**What is being asked**
Beneath this line sits some data. Return only its lines from the one holding "코리아타임뉴스 노승선 기자" through the one holding "Hvis du undervejs", inclusive, exactly, with the images removed.

**Supplied material**

-*-

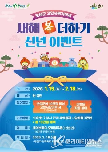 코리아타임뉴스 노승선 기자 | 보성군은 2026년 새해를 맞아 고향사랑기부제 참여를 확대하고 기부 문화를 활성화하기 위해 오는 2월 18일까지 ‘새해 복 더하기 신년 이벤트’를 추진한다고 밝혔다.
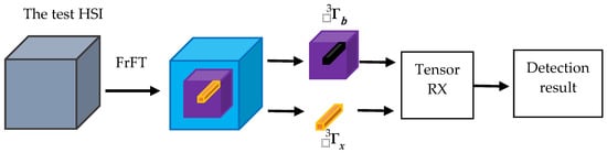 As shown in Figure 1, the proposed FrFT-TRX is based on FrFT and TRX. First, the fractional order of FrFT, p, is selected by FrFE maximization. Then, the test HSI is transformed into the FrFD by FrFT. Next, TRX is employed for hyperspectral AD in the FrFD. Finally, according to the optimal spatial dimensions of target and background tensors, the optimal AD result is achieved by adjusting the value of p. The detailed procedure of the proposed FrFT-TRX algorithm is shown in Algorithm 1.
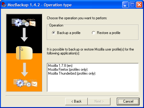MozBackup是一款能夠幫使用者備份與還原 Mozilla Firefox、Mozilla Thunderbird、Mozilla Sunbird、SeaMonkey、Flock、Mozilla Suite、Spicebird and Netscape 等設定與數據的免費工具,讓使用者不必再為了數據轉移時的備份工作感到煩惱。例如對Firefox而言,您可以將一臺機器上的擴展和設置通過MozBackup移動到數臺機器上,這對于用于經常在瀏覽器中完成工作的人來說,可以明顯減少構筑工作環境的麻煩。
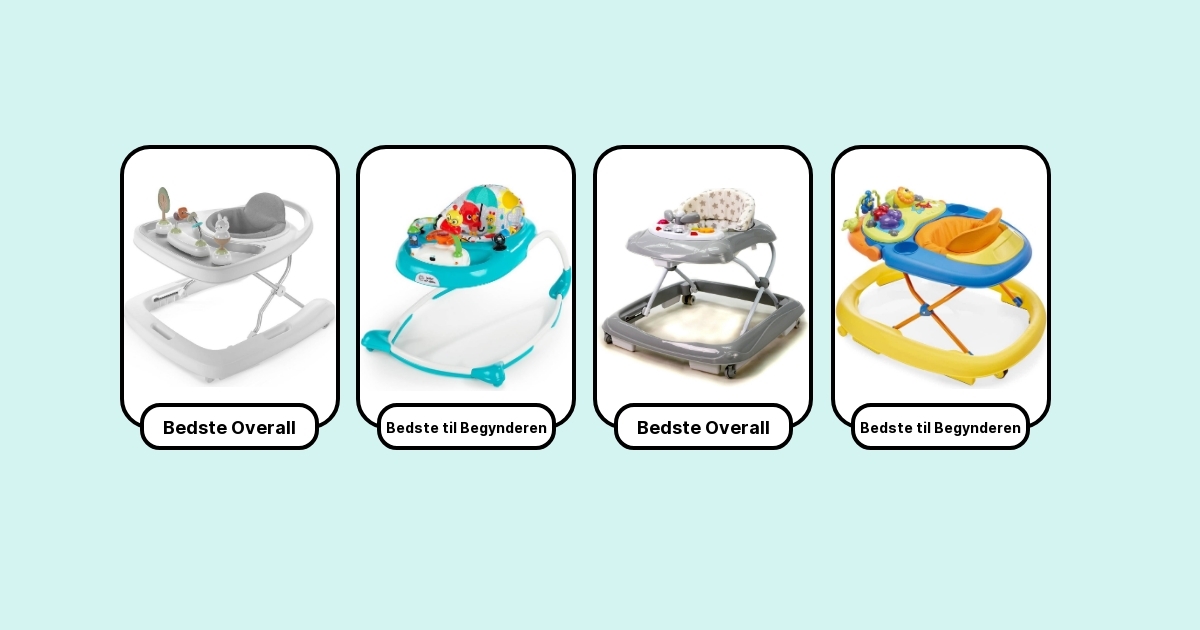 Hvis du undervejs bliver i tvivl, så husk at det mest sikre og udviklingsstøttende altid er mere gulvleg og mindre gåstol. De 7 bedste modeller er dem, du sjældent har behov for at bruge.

-*-

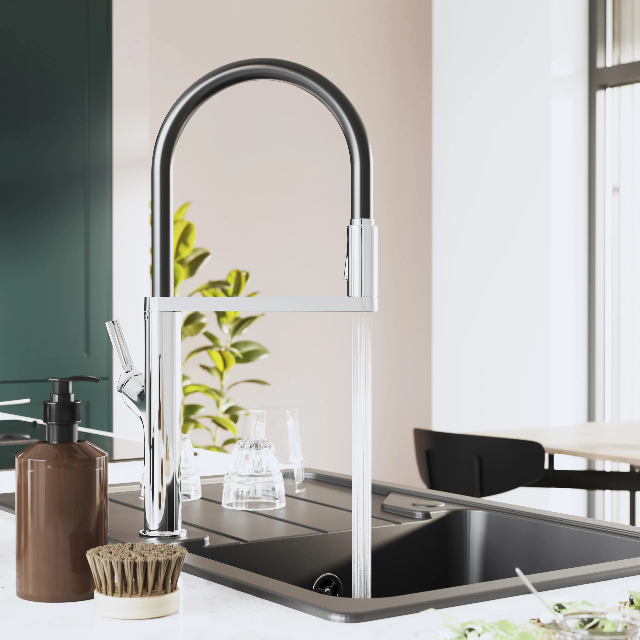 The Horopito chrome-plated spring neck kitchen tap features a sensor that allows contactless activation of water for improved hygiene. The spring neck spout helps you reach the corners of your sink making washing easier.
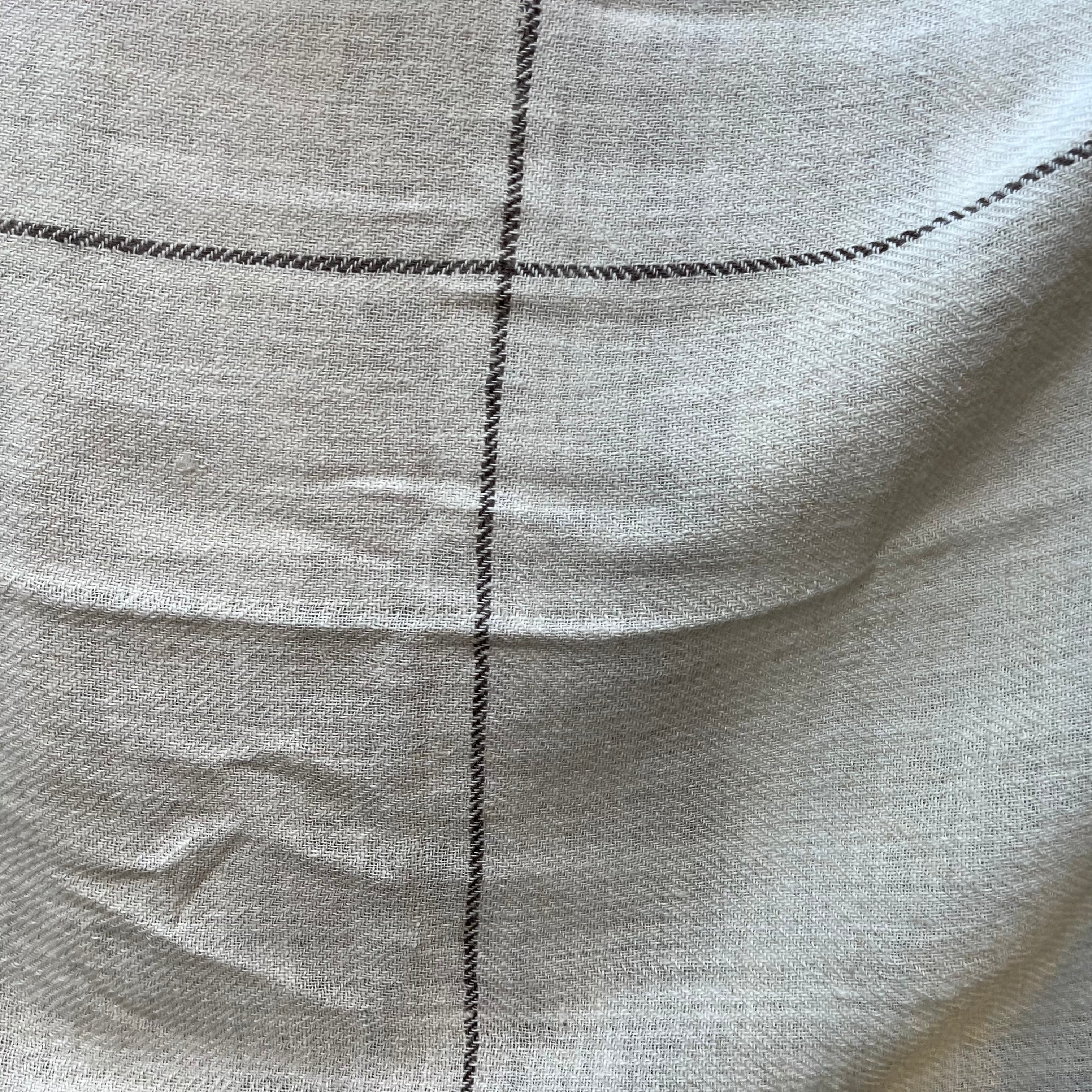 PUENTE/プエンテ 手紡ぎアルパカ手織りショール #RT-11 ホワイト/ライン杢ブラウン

-*-

**Expected output**
 코리아타임뉴스 노승선 기자 | 보성군은 2026년 새해를 맞아 고향사랑기부제 참여를 확대하고 기부 문화를 활성화하기 위해 오는 2월 18일까지 ‘새해 복 더하기 신년 이벤트’를 추진한다고 밝혔다.
 As shown in Figure 1, the proposed FrFT-TRX is based on FrFT and TRX. First, the fractional order of FrFT, p, is selected by FrFE maximization. Then, the test HSI is transformed into the FrFD by FrFT. Next, TRX is employed for hyperspectral AD in the FrFD. Finally, according to the optimal spatial dimensions of target and background tensors, the optimal AD result is achieved by adjusting the value of p. The detailed procedure of the proposed FrFT-TRX algorithm is shown in Algorithm 1.
MozBackup是一款能夠幫使用者備份與還原 Mozilla Firefox、Mozilla Thunderbird、Mozilla Sunbird、SeaMonkey、Flock、Mozilla Suite、Spicebird and Netscape 等設定與數據的免費工具,讓使用者不必再為了數據轉移時的備份工作感到煩惱。例如對Firefox而言,您可以將一臺機器上的擴展和設置通過MozBackup移動到數臺機器上,這對于用于經常在瀏覽器中完成工作的人來說,可以明顯減少構筑工作環境的麻煩。
 Hvis du undervejs bliver i tvivl, så husk at det mest sikre og udviklingsstøttende altid er mere gulvleg og mindre gåstol. De 7 bedste modeller er dem, du sjældent har behov for at bruge.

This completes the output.